Urban Meyer was surprised when he watched video of Nebraska last week.

“I wasn't expecting to see what I saw,” the Ohio State coach said. “Very good players, very good scheme and guys that are going to get very good.”

He didn’t expect to be impressed because Nebraska started the season 0-6 under first-year coach Scott Frost before defeating Minnesota and Bethune-Cookman the last two weeks. The Cornhuskers came a lot closer to upsetting Ohio State than almost anyone expected before falling 36-31.

Nebraska led 21-16 at halftime and had the Buckeyes a half-step behind with creative play-calling and the ability of freshman quarterback Adrian Martinez and playmakers JD Spielman and Stanley Morgan Jr.

But missed opportunities proved costly. The Cornhuskers dropped several passes. The biggest was in the third quarter to Spielman, who got behind Shaun Wade for a likely touchdown but couldn’t make the catch.

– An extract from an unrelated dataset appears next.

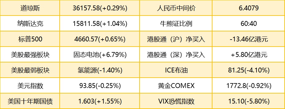 1. 隔夜美股截至收盘,道指涨104.95点或0.29%,报36157.58点;纳指涨161.98点或1.04%,报15811.58点;标普500指数涨29.92点或0.65%,报4660.57点。港股ADR指数上涨,按比例计算,收报25113点,涨88.58点或0.35%。

“A couple of balls that we should've caught would've, might've changed things,” Frost said.

Nebraska also blew a prime scoring chance when it had the ball at the Ohio State 10-yard line in the second quarter. Martinez rolled out and, under pressure, fired the ball as a lateral to Spielman, who couldn’t make the catch. The ball squirted backward and Ohio State recovered at the 26.

But Martinez mostly showed why Ohio State and many others coveted him as a recruit. He directed the Huskers on a beautifully executed touchdown drive to start the game. With Nebraska trailing 30-21, he delivered a perfect deep strike to Morgan while being hit for a 46-yard gain to set up a field goal. He finished 22 of 33 for 266 yards.

“I'm getting tired of talking in superlatives about Adrian and complimenting him,” Frost said. “There's been some freshman mistakes, but not very many for a freshman.”

Nebraska got within five points on a late touchdown but couldn’t get the ball back, leaving Frost and the Cornhuskers to ponder what might have been.

“We had every chance in the world to win that game,” Frost said. “Our guys are upset that they didn't win the football game and coaches are mad that we didn't win the football game, because they came here expecting to win — and that is a big step forward."